## Work item
Your task is to restate word for word the lines in the material below, from the one with "Geomagnetic storms in" up to and including the one with "-Detaylar: Uzun ve". Do not carry over the pictures.
── Task material
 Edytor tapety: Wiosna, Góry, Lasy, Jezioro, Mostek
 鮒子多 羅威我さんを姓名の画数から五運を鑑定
────
── Task material
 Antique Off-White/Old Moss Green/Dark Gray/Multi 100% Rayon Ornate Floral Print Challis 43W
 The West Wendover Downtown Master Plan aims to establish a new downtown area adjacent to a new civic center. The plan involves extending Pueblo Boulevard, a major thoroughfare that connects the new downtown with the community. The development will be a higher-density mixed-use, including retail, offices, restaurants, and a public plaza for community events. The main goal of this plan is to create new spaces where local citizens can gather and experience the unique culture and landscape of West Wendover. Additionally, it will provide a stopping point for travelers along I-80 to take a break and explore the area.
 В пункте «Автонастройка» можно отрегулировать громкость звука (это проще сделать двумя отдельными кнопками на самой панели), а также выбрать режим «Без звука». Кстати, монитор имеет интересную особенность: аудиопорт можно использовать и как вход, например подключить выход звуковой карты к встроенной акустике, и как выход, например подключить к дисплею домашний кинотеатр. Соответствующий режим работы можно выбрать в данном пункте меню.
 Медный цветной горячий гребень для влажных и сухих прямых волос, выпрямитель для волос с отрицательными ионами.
────
── Task material
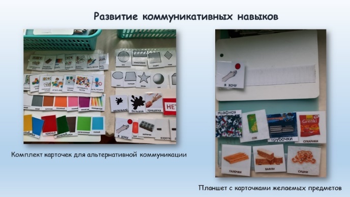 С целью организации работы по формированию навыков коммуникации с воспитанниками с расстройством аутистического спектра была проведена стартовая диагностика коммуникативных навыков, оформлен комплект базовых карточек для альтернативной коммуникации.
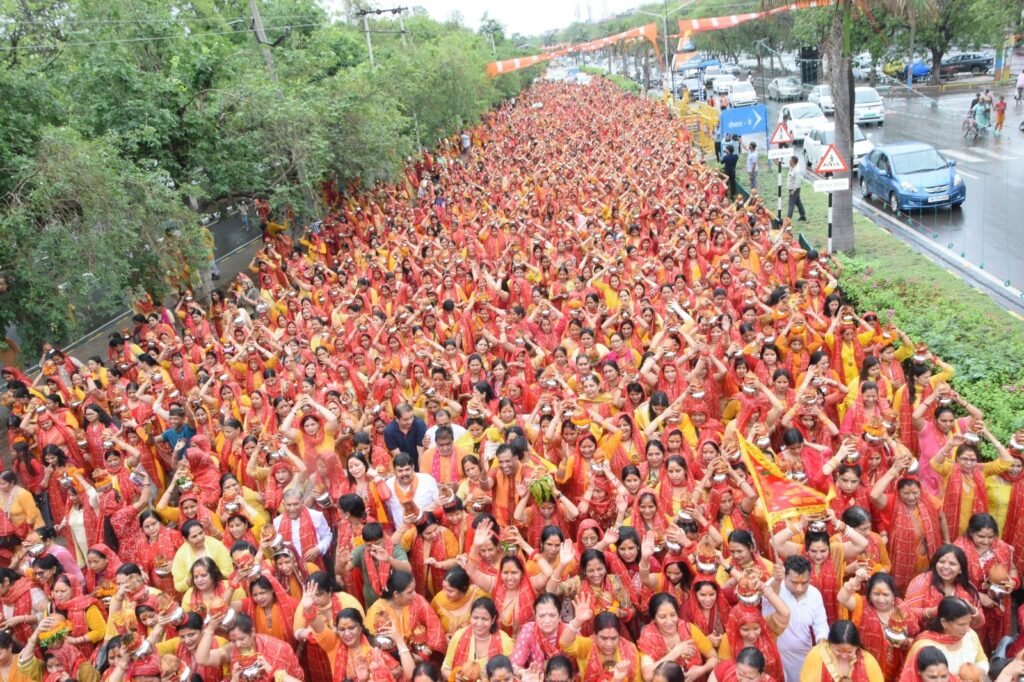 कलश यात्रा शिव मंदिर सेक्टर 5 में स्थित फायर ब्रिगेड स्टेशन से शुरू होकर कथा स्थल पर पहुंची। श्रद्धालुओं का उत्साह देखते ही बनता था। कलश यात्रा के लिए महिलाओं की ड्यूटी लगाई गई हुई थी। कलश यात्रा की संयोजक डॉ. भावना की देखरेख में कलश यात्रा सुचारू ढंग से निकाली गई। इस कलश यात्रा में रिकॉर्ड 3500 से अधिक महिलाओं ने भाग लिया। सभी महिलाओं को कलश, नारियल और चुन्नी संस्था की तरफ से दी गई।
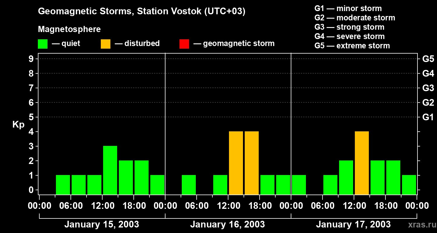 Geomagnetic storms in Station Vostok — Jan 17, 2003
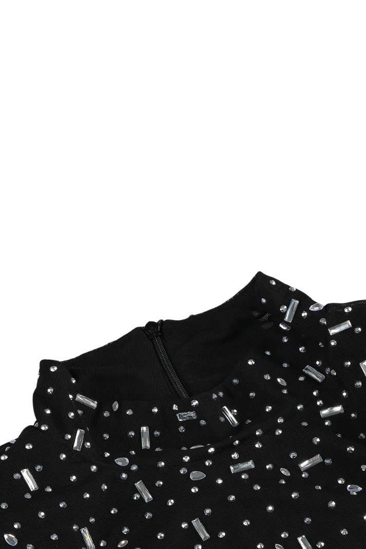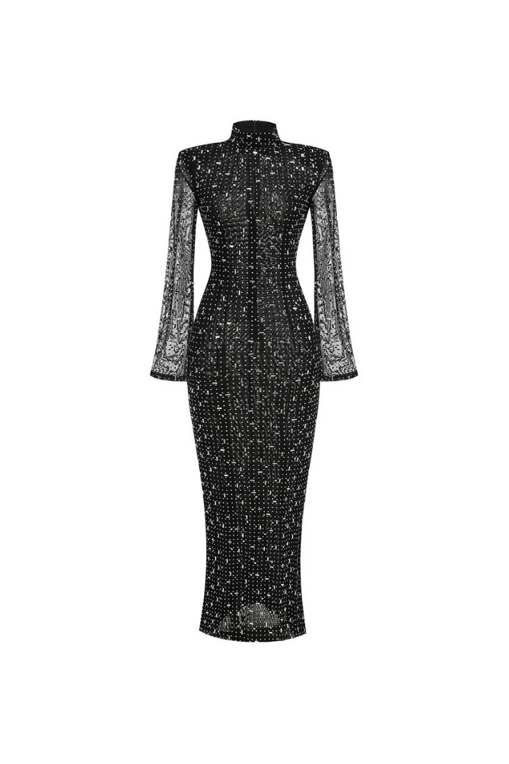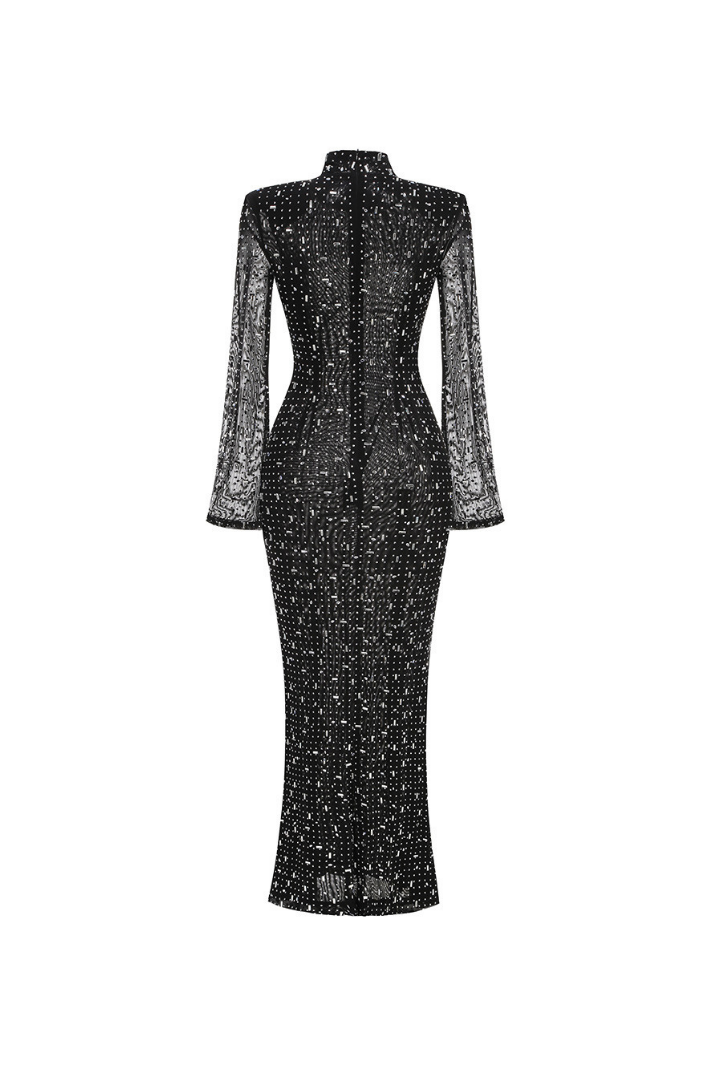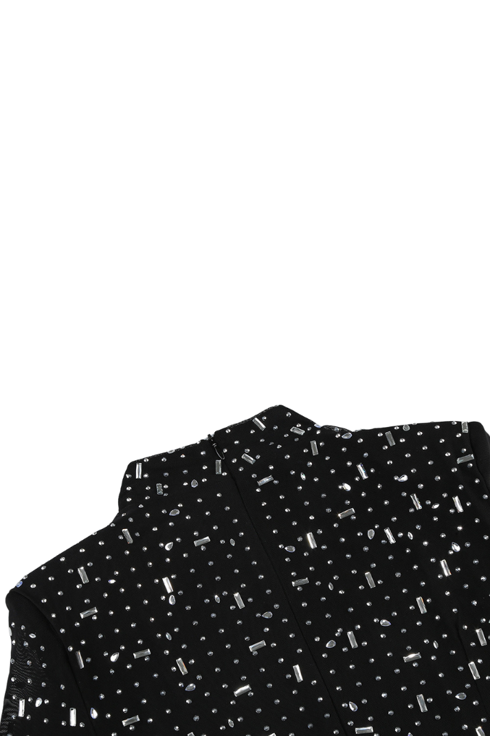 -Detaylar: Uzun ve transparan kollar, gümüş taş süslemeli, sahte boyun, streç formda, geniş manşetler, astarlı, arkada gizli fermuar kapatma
────
## Exercise output
 Geomagnetic storms in Station Vostok — Jan 17, 2003
 -Detaylar: Uzun ve transparan kollar, gümüş taş süslemeli, sahte boyun, streç formda, geniş manşetler, astarlı, arkada gizli fermuar kapatma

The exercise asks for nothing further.